# WORK TO BE COMPLETED:
Leave the pictures aside. Retype exactly the lines from the top of the data below through the one holding "Римская штора производителя".

# EXTRACTED ENTRIES:
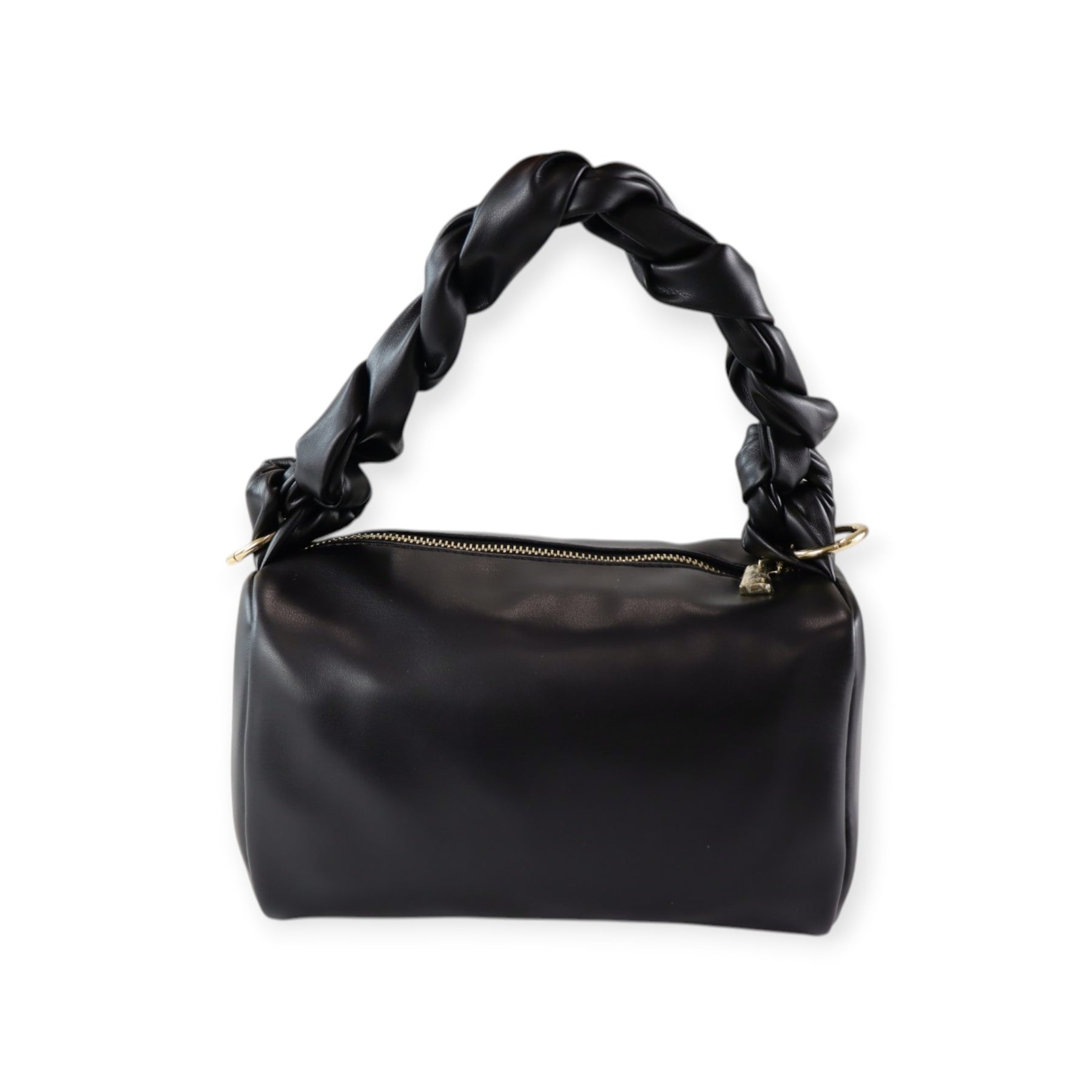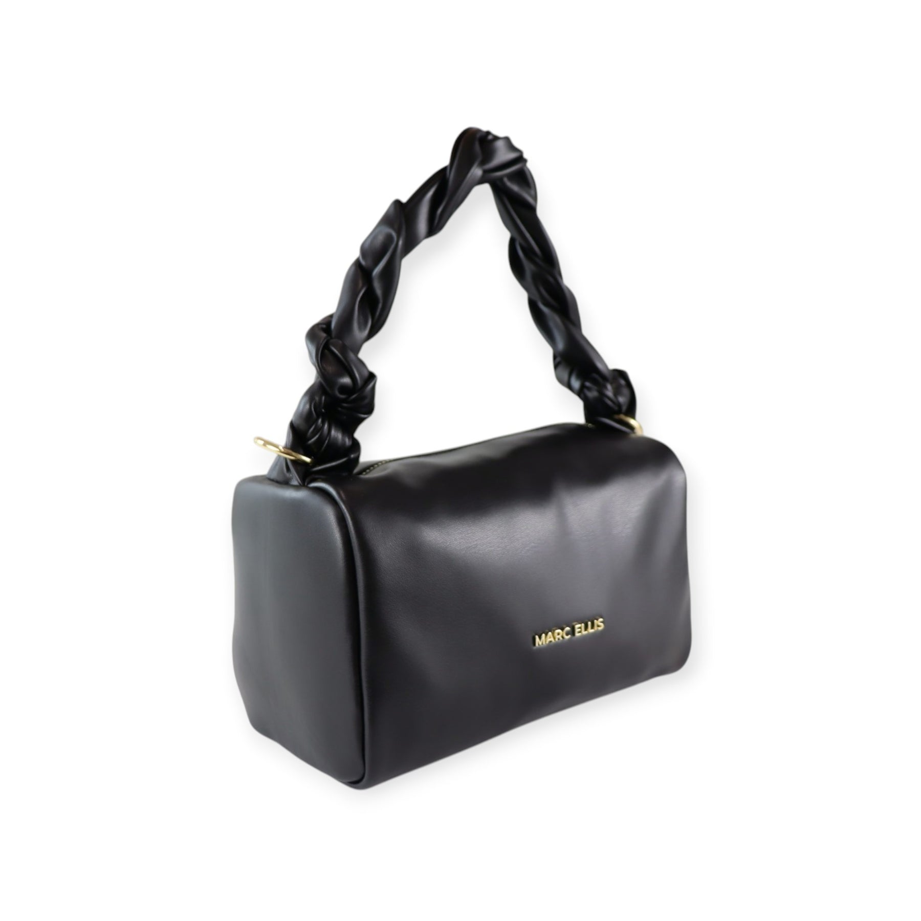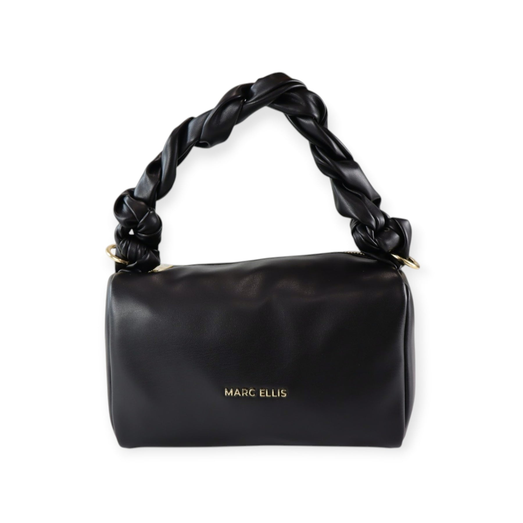 Bauletto ZOEY nero di MARC ELLIS in ecopelle con chiusura con zip, manico con intreccio, logo in metallo. Misure 22x15x12 cm.
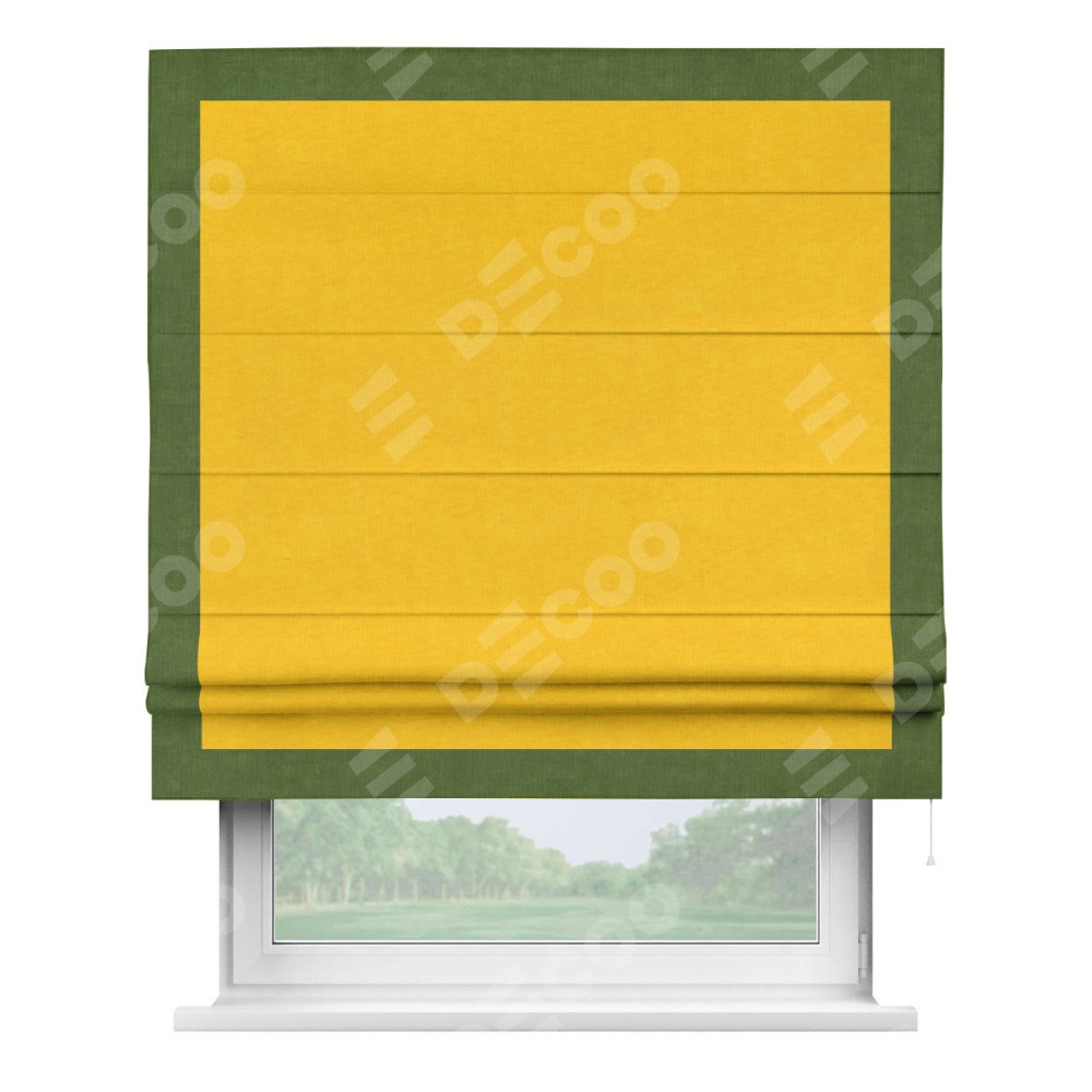 Римская штора производителя «Cortin», используется для проёма, пошита из ткани канвас желтый, артикул ткани v-344. Отделка шторы кантом «Чесс» (трава v-473), ткань для канта используется из канваса разной расцветки на выбор. Имеет универсальный механизм и подходит для монтажа: на потолок, на стену и в нишу.
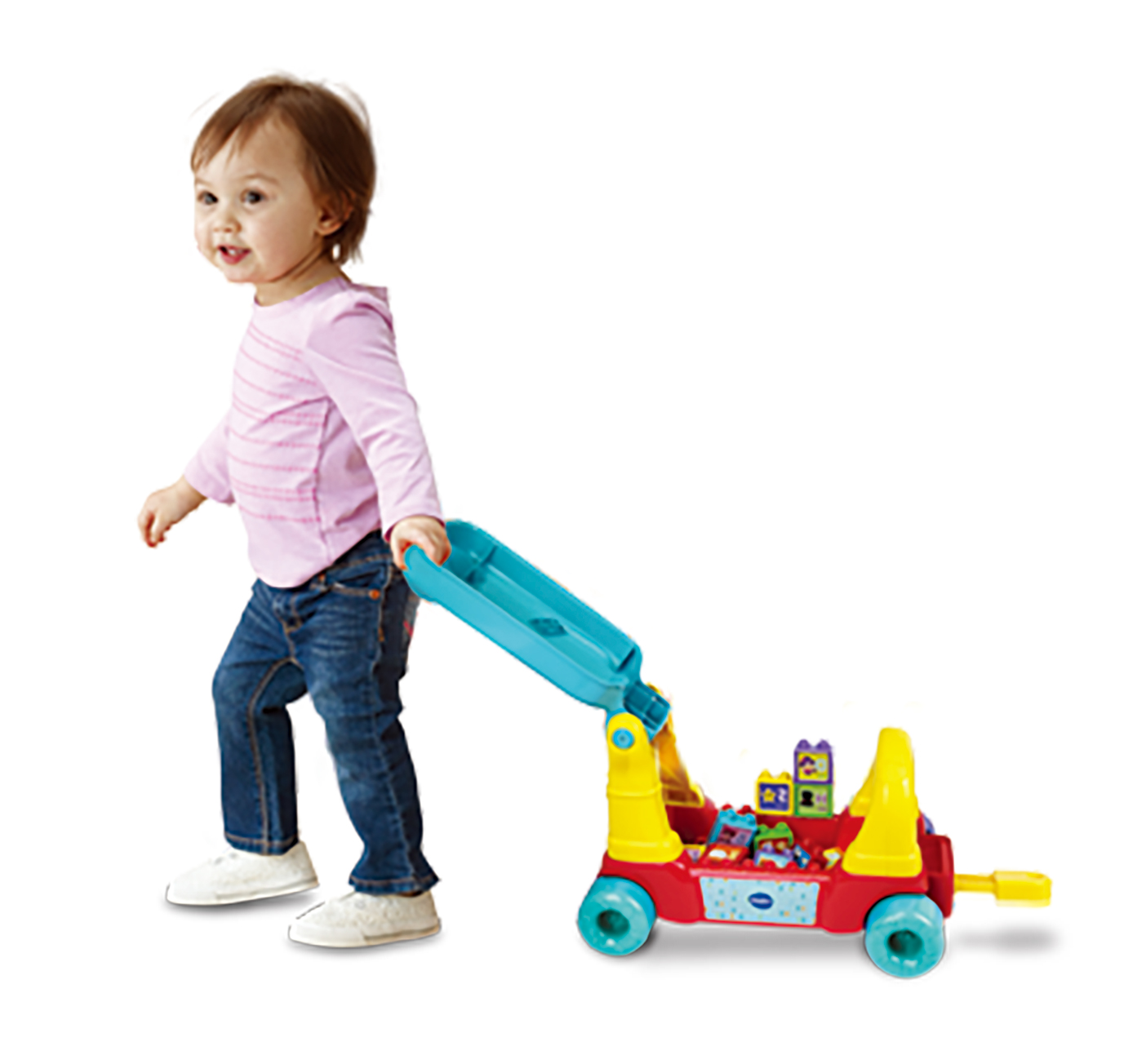 Are you ready to get rolling? Let’s chug along into learning fun with the 4-In-1 Alphabet Train by VTech! This 4-in-1 grow with me alphabet train includes modes for sit-down play, walker, pull-along wagon and ride on. Train includes 13 double-sided letter blocks and a magic tunnel to load the blocks into the wagon. You can also stack the blocks on the inside of the wagon and slide the blocks down! Also features a removable activity panel, light up number pad, turning book and manipulative gears. Teaches objects, animals, phonics, colours, numbers and much more. Includes 3 sing-along songs and 10 melodies. Encourages discovery & exploration, language development and motor skills.
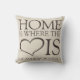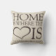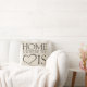 Een zoete familieluid met de uitdrukking "Thuis is waar het hart is" en je aangepaste familienaam geprint in moderne typografie met een hobby uit de toeristen. De letters zijn donkerbruin gedrukt en de achtergrond van het kussen bevindt zich in een licht natuurlijk beige. Een uniek cadeau voor een huishouden of een familieverblijf.
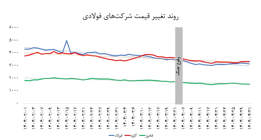 نمودار زیر روند تغییر قیمت شرکتهای فولاد مبارکه اصفهان، فولاد خوزستان و فولاد کاوه جنوب کیش به عنوان ۳ نماد بزرگ بورسی در گروه فولادی را نشان میدهد.

# OUTPUT FOR THIS TASK:
 Bauletto ZOEY nero di MARC ELLIS in ecopelle con chiusura con zip, manico con intreccio, logo in metallo. Misure 22x15x12 cm.
 Римская штора производителя «Cortin», используется для проёма, пошита из ткани канвас желтый, артикул ткани v-344. Отделка шторы кантом «Чесс» (трава v-473), ткань для канта используется из канваса разной расцветки на выбор. Имеет универсальный механизм и подходит для монтажа: на потолок, на стену и в нишу.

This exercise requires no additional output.